Section 908 of the Pennsylvania Municipalities Planning Code, Act of July 31, 1968, P.L. 805, as amended, 53 P.S. §10908(7), provides that zoning hearing boards shall keep stenographic records and provide transcripts of their hearings. The Bridge-ville Borough Zoning Hearing Board made no stenographic record of its hearing in this case and, of course, there is no transcript. All that we have from the Zoning Hearing' Board is their decision and it is apparent from this document that no witnesses testified under oath as Section 908 of the Code also provides. We are required, therefore, to vacate the order below and remand the matter so that the Zoning Hearing Board may conduct the hearing in the manner required by the Code.
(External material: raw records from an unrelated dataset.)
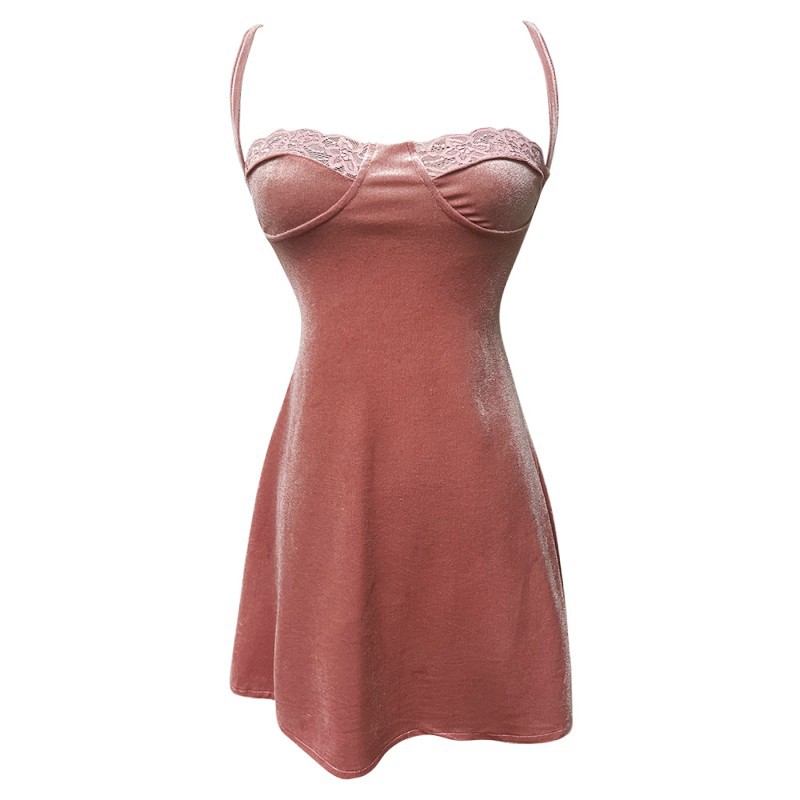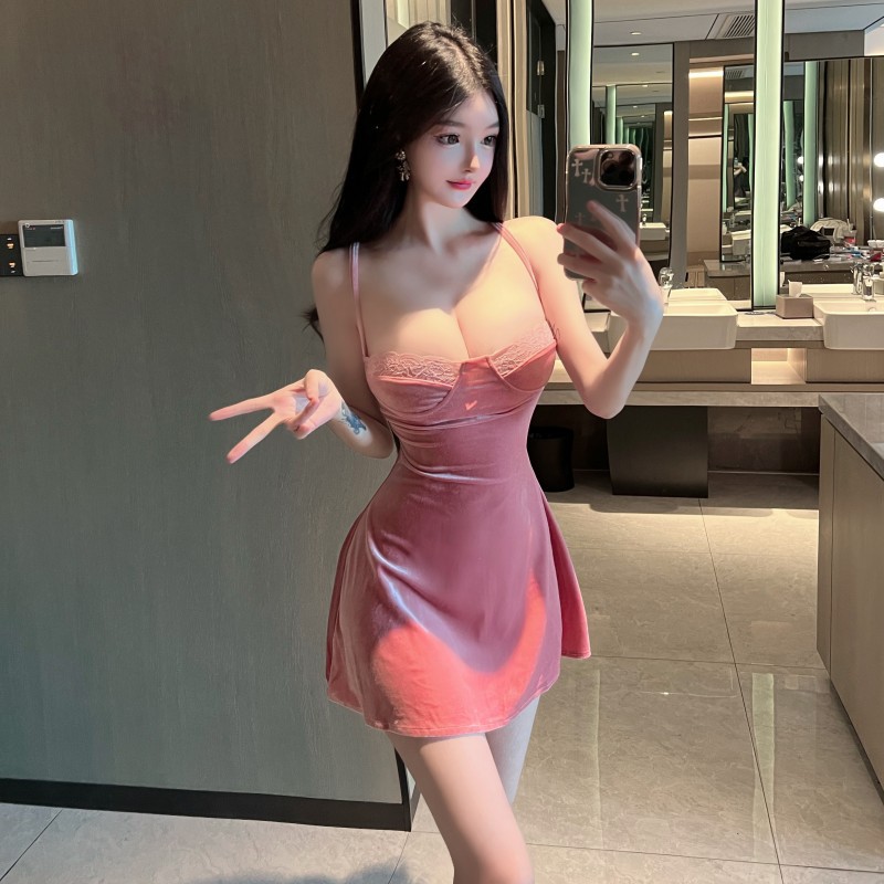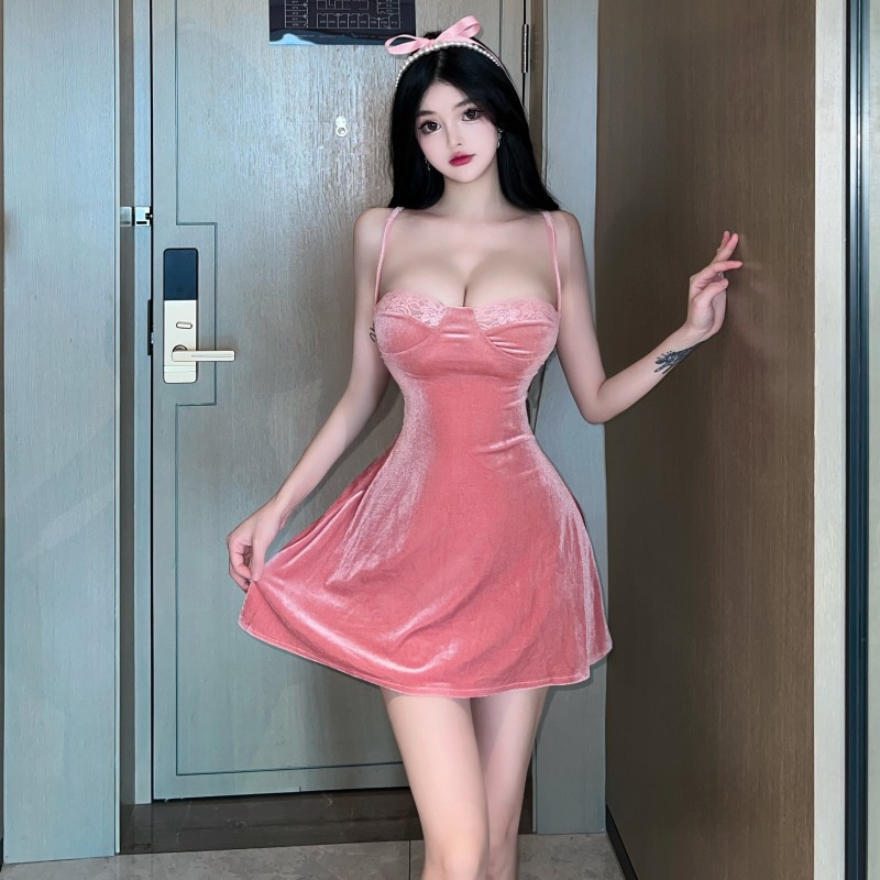 性感辣妹纯欲粉色丝绒吊带低胸蕾丝短裙收腰显瘦大摆a字连衣裙女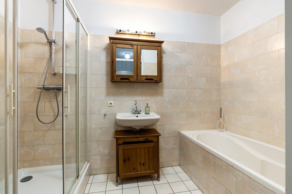 The bright and spacious living room is open plan to the kitchen. French doors open onto the southwest-facing balcony, which is a good size. The kitchen is equipped with various built-in appliances, including a gas stove with extractor hood, oven, dishwasher, and fridge-freezer, and offers ample cupboard space.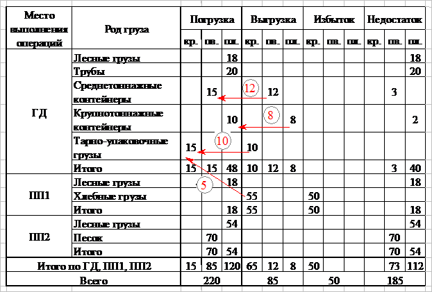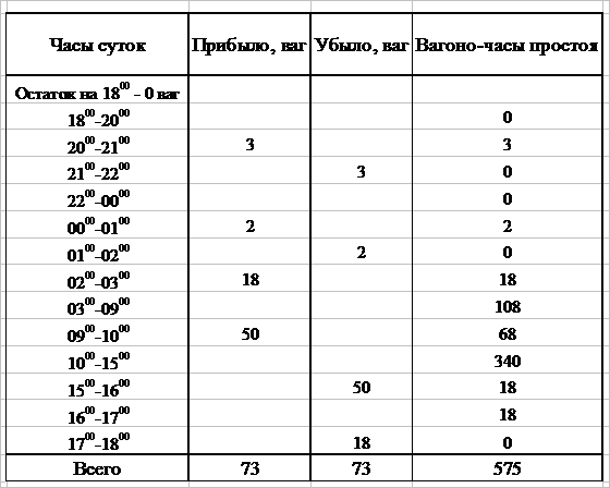 3.3.1 Составление балансовой таблицы регулировки порожних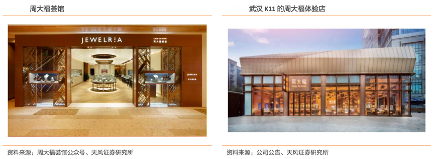 經典案例:根據周大福薈館公眾號、公司公告和天風證券研究所等綜合資訊表明,周大福開展了各種具針對性的零售店鋪體驗,周大福 薈館,作為提升零售店鋪體驗的措施之一,除了自家設計的標志性系列外,還持續為顧客提供國際設計師及珠寶品牌的更多產品。在 2021 財年,周大福薈館占中國內地周大福珠寶零售額的 6%,珠寶鑲嵌首飾的平均售價約為 10000 港元,較平均同店售價高約40%。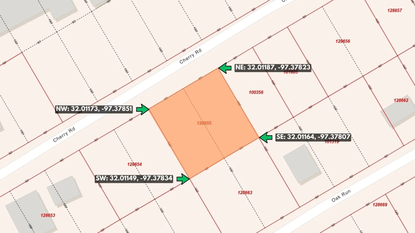 To visit this 0.23 Acres Double Lot near Lake Whitney, TX for sale, search Lots 734-735 Cherry Rd, Whitney, Texas, 76692 within Hill County on any mapping app. When you are near the land, search “32.01173, -97.37851” on navigation app to locate one of the corners.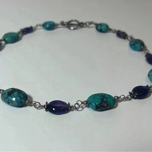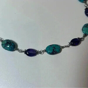 Turquoise Stone Sterling Silver Purple Amethyst Necklace Vintage Beautiful

Swift v. East Hempfield Township Zoning Hearing Board, 20 Pa. Commonwealth Ct. 87, 340 A.2d 592 (1975); Schelley v. Zoning Board of Adjustment, 8 Pa. Commonwealth Ct. 169, 302 A.2d 526 (1973).
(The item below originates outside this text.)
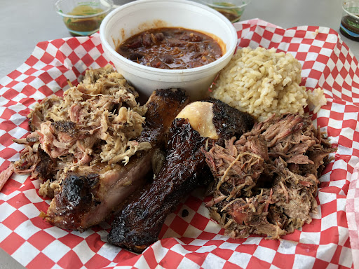 I ordered at the Kapaa location across the community center. The order for three plates was around $55, which, to be honest, isn't bad for Kauai. I was stuffed after the chicken plate, and my brother loved the ribs and chicken. They even allowed us to choose between white or dark meat. Don't forget the BBQ sauce, and yes, the hot sauce will make your nose run.

An evidentiary hearing conducted as the Code requires is essential in this case because there appears to have been no showing, or the possibility of showing, by Wright of the unnecessary hardship necessary to support a variance. Not only is Wright's lot not uniquely burdened by the side yard requirement, but the plans submitted with his applications indicate that at the place where he wants to build the garage his back yard is at least forty feet wide, which after allowance for side yards aggregating sixteen feet, would seem to accommodate a garage twenty-four feet wide. According to his application for a building permit, Wright proposes to build a two-car garage thirty feet wide. The court below recognized that Wright had little case for a variance but declined to reverse the Zoning Hearing Board's order because the circumstances were such that Wright might have had a vested right in the building permit. If he does, of course, he had no need of a variance. But this is a subject which requires an intensive exploration of the facts surrounding his application for the building permit at an evidentiary hearing. A recent exposition of the elements required to establish a vested right in a building permit appears in Petrosky v. Zoning Hearing Board of Upper Chichester, 485 Pa. 501, 402 A.2d 1385 (1979).
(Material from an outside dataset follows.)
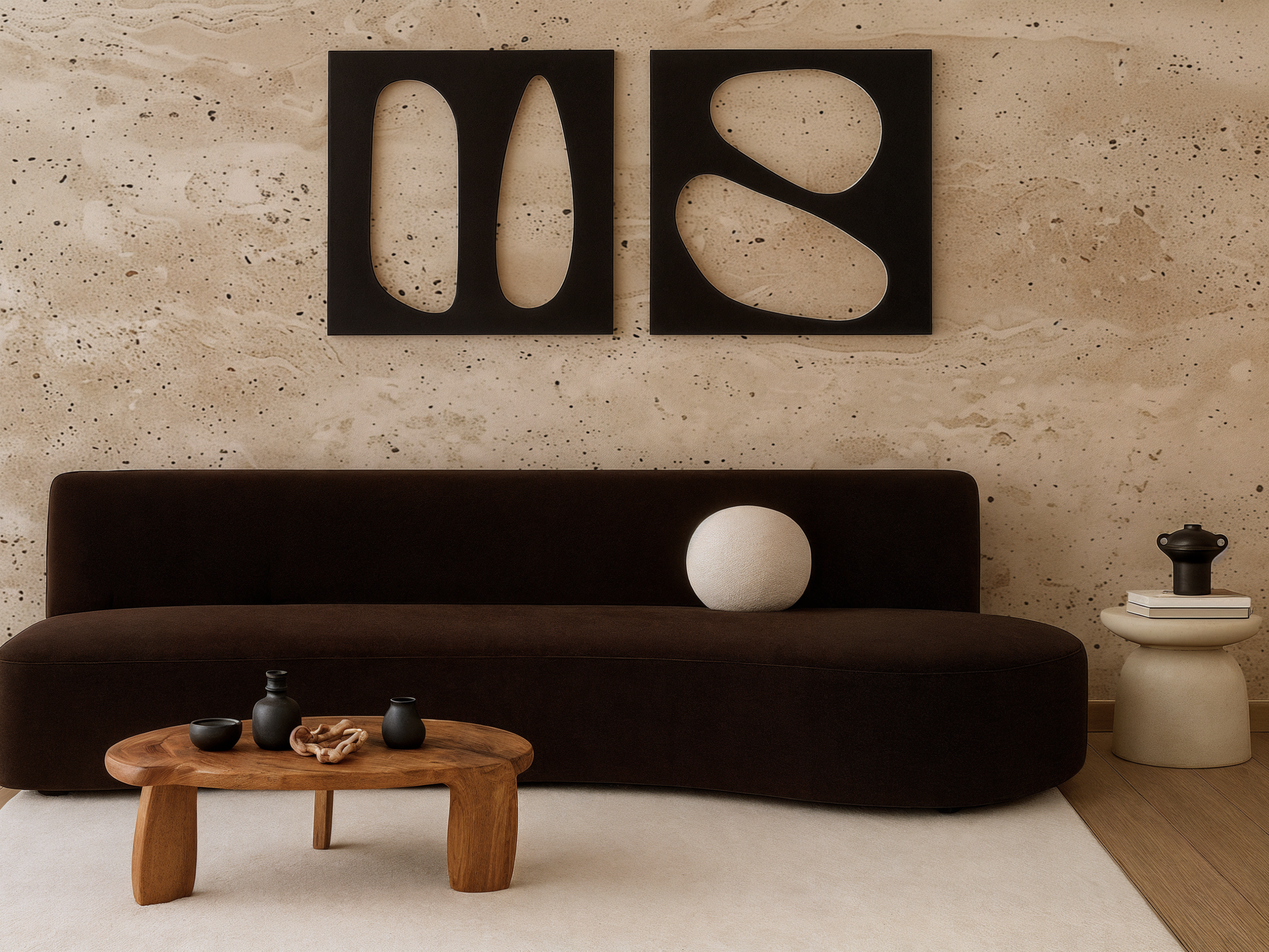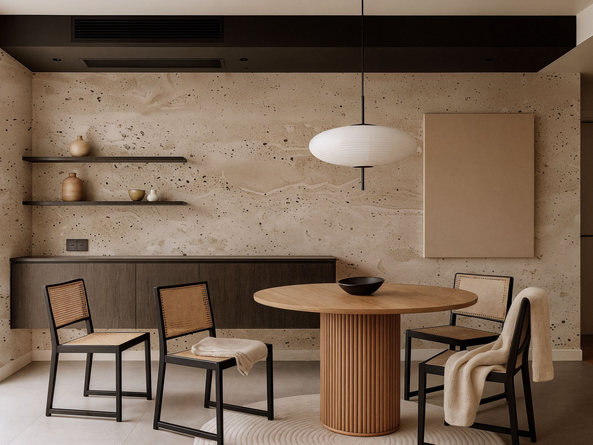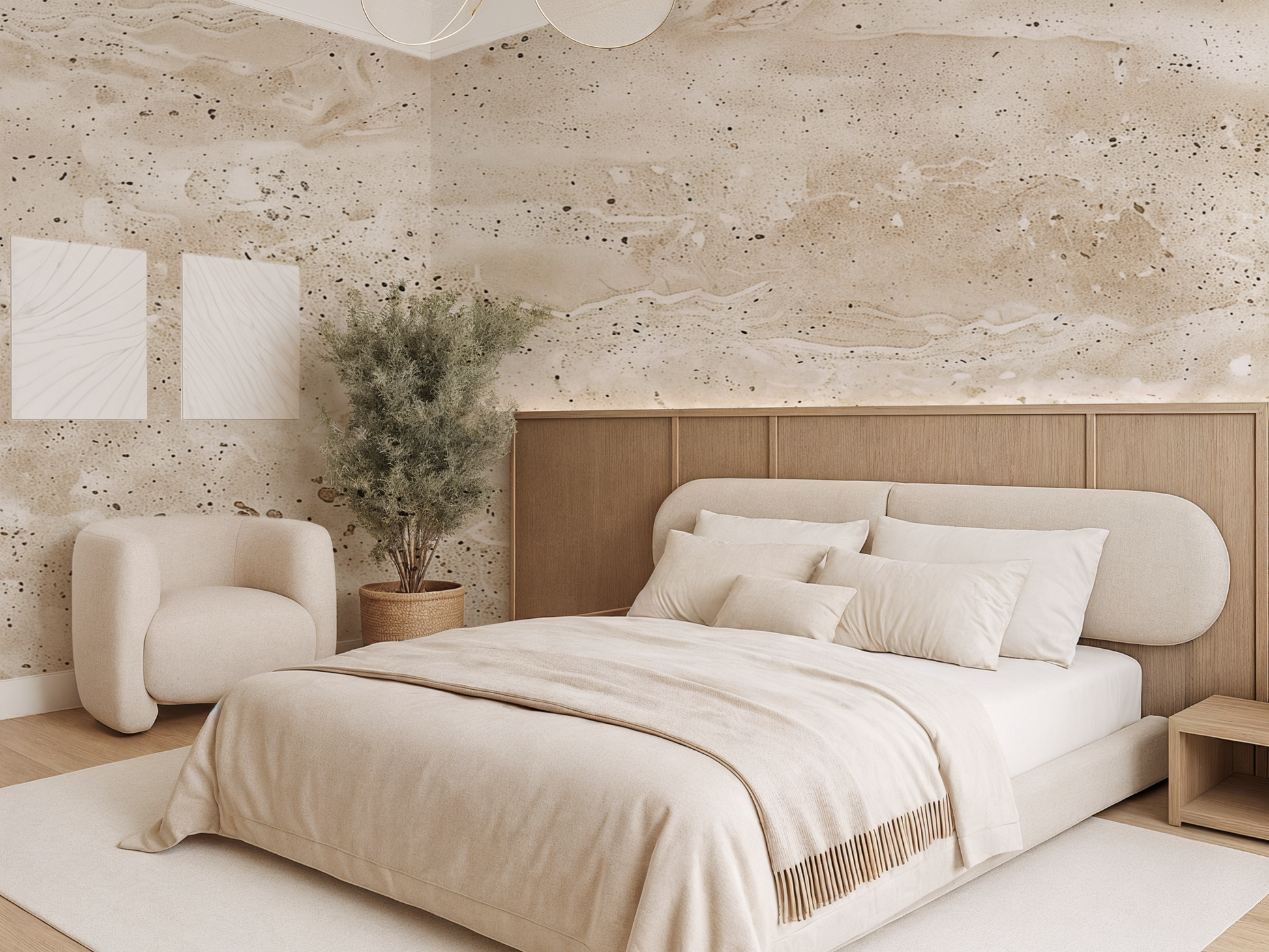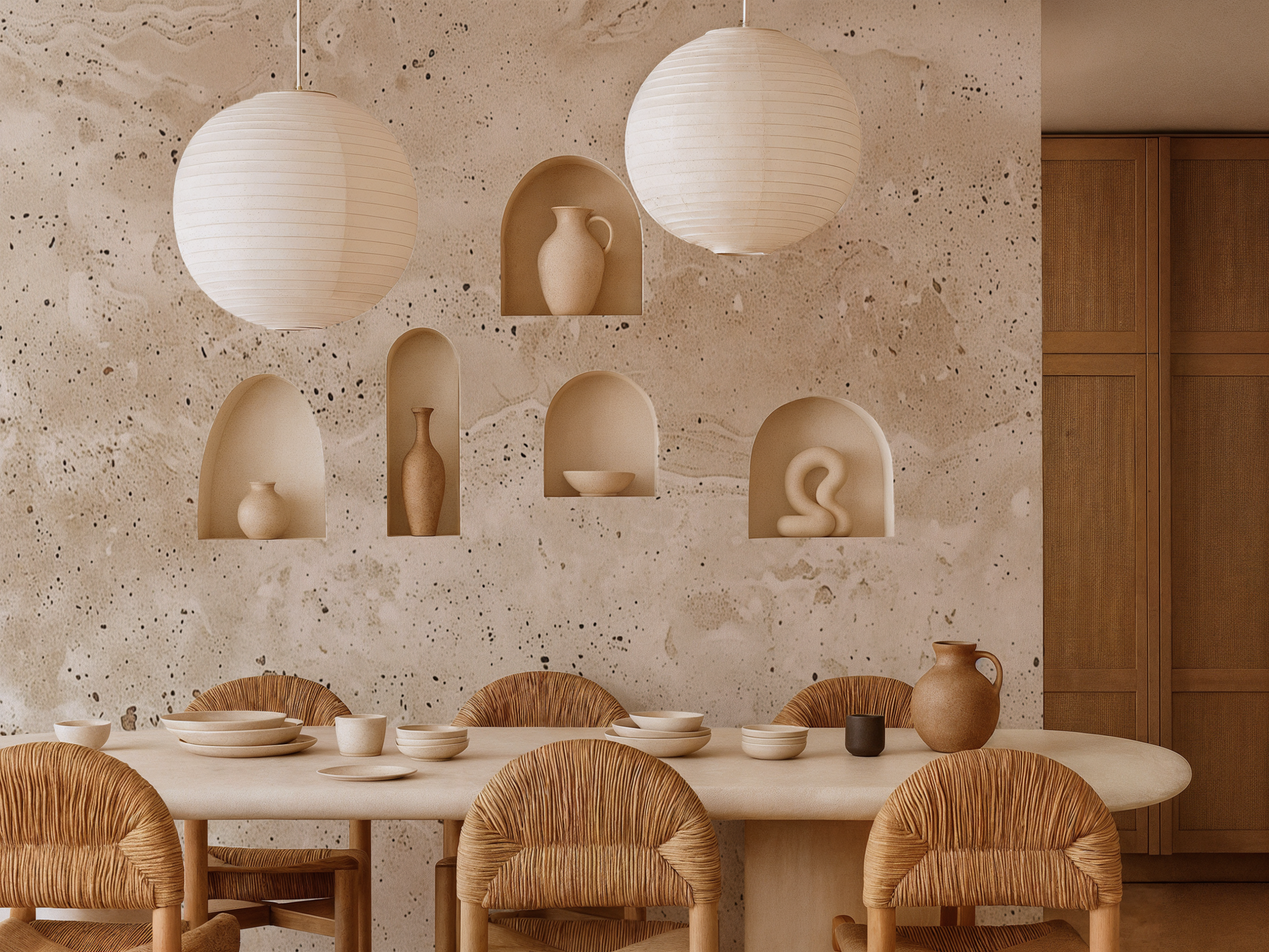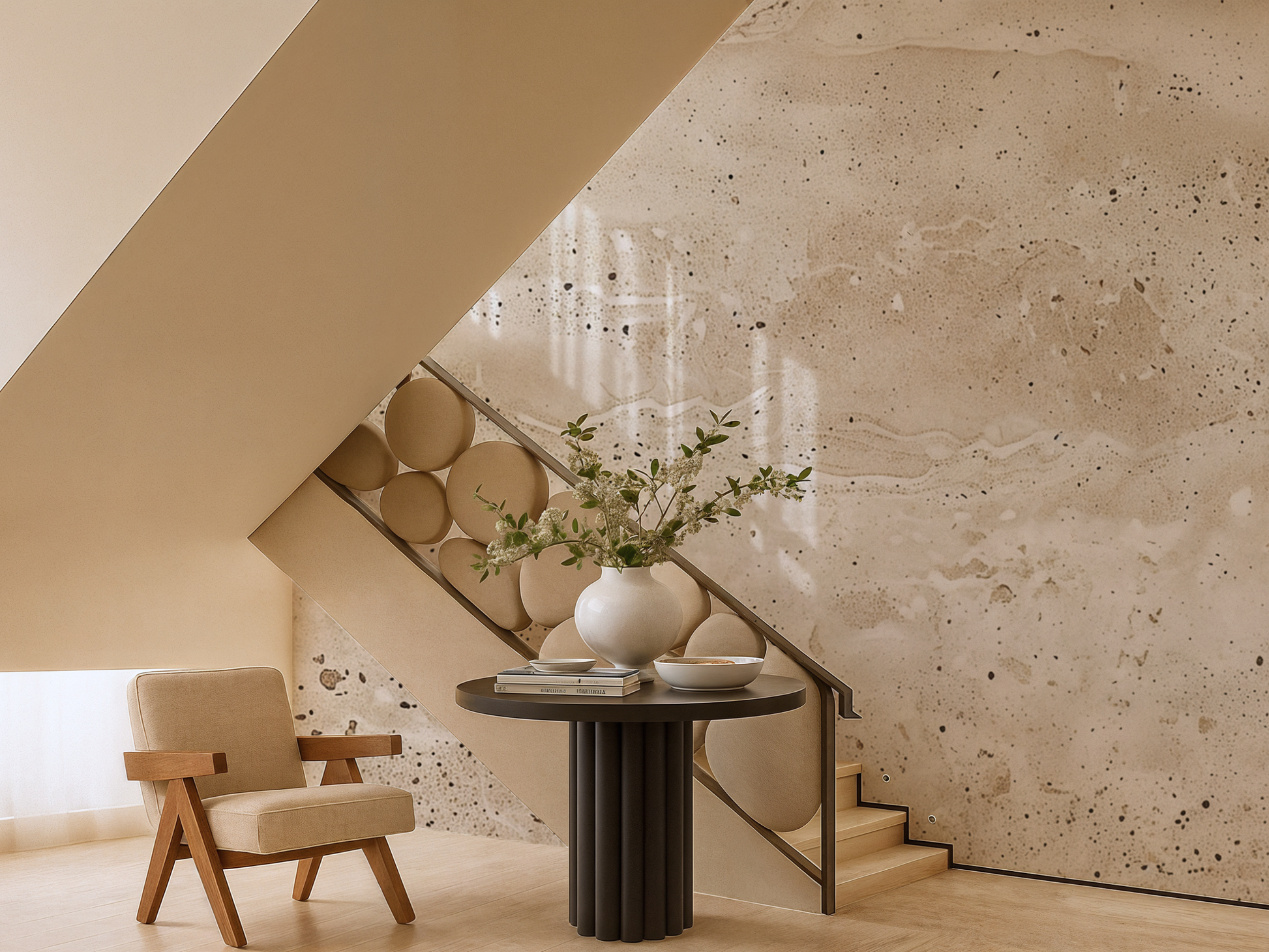 Inspired by earth-worn stone and the subtle movement of water, this Japandi wallpaper flows with organic texture and grounded warmth. An ode to imperfection, depth, and natural stillness. A space to ground. A space to be.

Order vacated; record remanded for a hearing by the Zoning Hearing Board of Bridgeville Borough and further proceedings not inconsistent with this opinion.
Order
And Now, this 3rd day of Jane, 1982, the order of the Court of Common Pleas of Allegheny County dated August 5, 1981 is vacated; the record is remanded for a hearing by the Zoning Hearing Board of Bridgeville Borough and further proceedings not inconsistent with this opinion.
Wright's application to the Zoning Hearing Board made following the revocation of his 1980 building permit while plainly applying for a variance also raises the propriety of the revocation of the permit based on money spent in reliance upon it.